Изменить стиль страницы

«Кремль» упоминается и в других письмах Яру в таких выражениях, в каких Клюев не говорил и не писал ни об одном своём произведении.

«…Иногда собираюсь с рассудком и становится понятным, что меня нужно поддержать первое время, авось мои тяжёлые крылья, сейчас влачащиеся по земле, я смогу приподнять. Моя муза, чувствую, не выпускает из своих тонких перстов своей славянской свирели. Я написал, хотя и сквозь кровавые слёзы, но звучащую и пламенную поэму. Пришлю её тебе. Отдай перепечатать на машинке, без опечаток и искажений, со всей тщательностью и усердием, а именно так, как были напечатаны стихи, к титульному листу которых ты собственноручно приложил мой портрет, писанный в Вятке на берегу с цветами в руках — помнишь? Вот только такой и должна быть перепечатка моей новой поэмы… Прошу тебя запомнить это и потрудись для моей новой поэмы, на которую я возлагаю большие надежды. Это самое искреннейшее и высоко зовущее моё произведение. Оно написано не для гонорара и не с ветра, а оправдано и куплено ценой крови и страдания. Но всё, повторяю, зависит от того, как его преподнести чужим, холодным глазам…»

«…Быть может, скоро кончится путь мой земной, а пока жив я — потрудись устроить мою поэму „Кремль“, ибо такие вещи достойны всяческого внимания и могут быть созданы только в раю или на эшафоте, раз за жизнь поэта.

…„Кремль“ — роковое моё произведение. Ты, конечно, это понимаешь без пояснений. Не давай рукописи никому, пока не перепечатаешь. Рукопись непременно украдут, и даже продадут. Если можно, прочитай её не торопясь и не захлёбываясь, собранию поэтов и нужных людей, но ни на один час не оставляй её ни у кого на руках, чтобы не наслоилось на неё клеветы и злых мнений, что очень может мне навредить. Если какой-либо журнал захотел <бы> „Кремль“ напечатать, то договорись о гонораре по высшей ставке, так же и в отдельном издании. В моём голоде и нищете это очень важно. Ах, если бы напечатали! Я бы купил отдельную землянку, убрал бы её по-своему с пушкинским расколотым корытом — и умер бы, никого не кляня. Дитя моё, помоги! Потрудись, похлопочи!.. Но главное — ни по какой усердной просьбе и никому не давай на дом рукописи!!!»
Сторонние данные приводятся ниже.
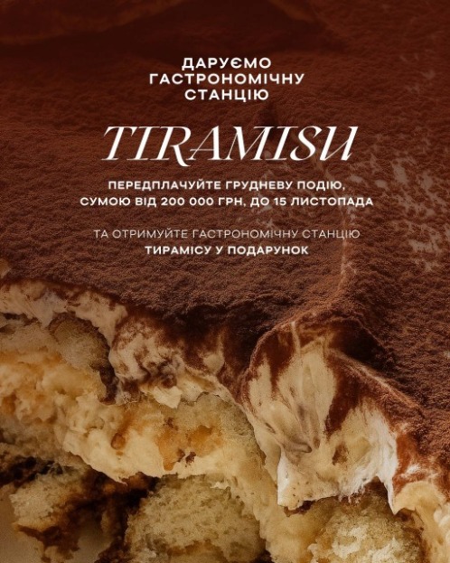 Передплачуйте грудневу послугу кейтерингу, загальним чеком від 200 000 грн, до 15 листопада — та отримайте гастрономічну станцію Tiramisu у подарунок.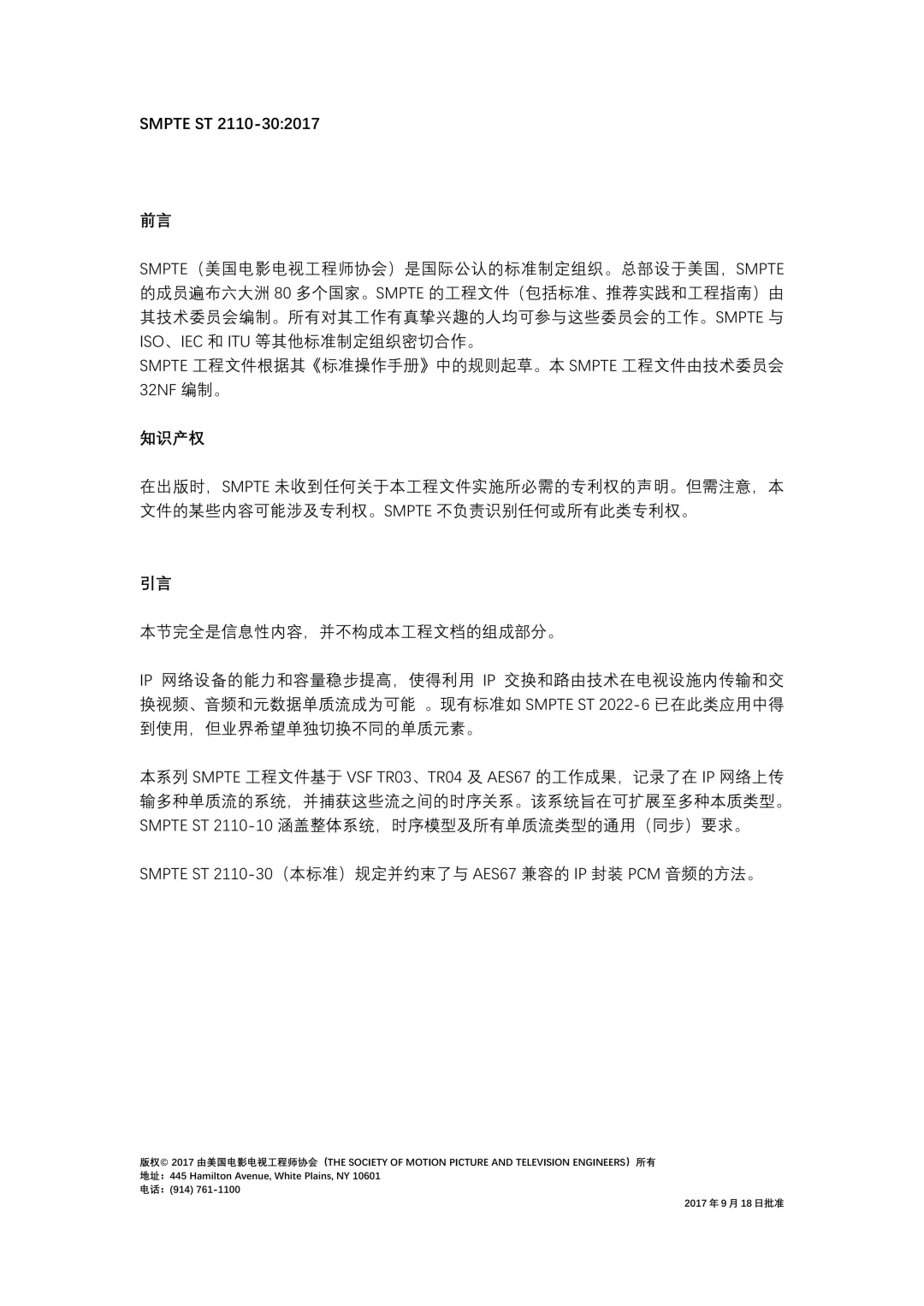 大家知道,2025年广电圈的所谓“8+1”设备更新项目,第一批的几个重点电视台都已经更新的自己的IP系统。在目前SMPTE 2110协议成为公认标准的情况下,对于标准的了解是掌握IP系统架构和使用方法的基础。希望这个公众号的文章可以为大家了解和熟悉协议有一些帮助。前面一篇文章是SMPTE 2110-20标准的翻译,所谓音视频不分家,音频的标准也放出来供大家参考。其实SMPTE 2110-30的标准没有什么太实质性的内容,大部分细节AES67的标准文档已经做了描述,彩条君也在考虑把AES67的标准翻译一下,具体时间待定…

Внимательное чтение поэмы, опубликованной лишь через почти что 70 лет после создания, убеждает в том, что опасения Николая были не напрасными.

* * *

В 1942 году, будучи в лагере для русских немецкого происхождения в Конице, в Западной Пруссии, Иванов-Разумник писал статьи для берлинской русскоязычной газеты «Новое слово». Одну из статей он посвятил персонально Клюеву. Шла там речь, в частности, и о «Кремле», с текстом которого критик познакомился через посредничество Анатолия Яра.

«Сломленный нарымской ссылкой и томской тюрьмой, …Клюев пал духом и попробовал вписаться в стан приспособившихся. В 1935 году он написал большую поэму „Кремль“, посвящённую прославлению Сталина, Молотова, Ворошилова и прочих вождей; поэма заканчивалась воплем: „Прости, иль умереть вели!“ Не знаю, дошла ли поэма „Кремль“ до властителей Кремля, но это приспособленчество не помогло Клюеву: он оставался в ссылке до конца срока, до августа 1937 года.

К слову сказать: поэзия не терпит неискренности и насилия. Вымученный „Кремль“, если бы он даже сохранился, не прибавил бы лавров в поэтический венок Клюева; а он мог и не сохраниться, как и всё поэтическое наследие Клюева этих последних годов жизни».

Ссылаясь на Иванова-Разумника, примерно в том же тоне отозвался о «Кремле» первый публикатор Клюева в США и в Германии Борис Филиппов: «„Кремль“ пропал бесследно, но это — самая лучшая участь для вымученного и фальшивого панегирика жертвы палачу»…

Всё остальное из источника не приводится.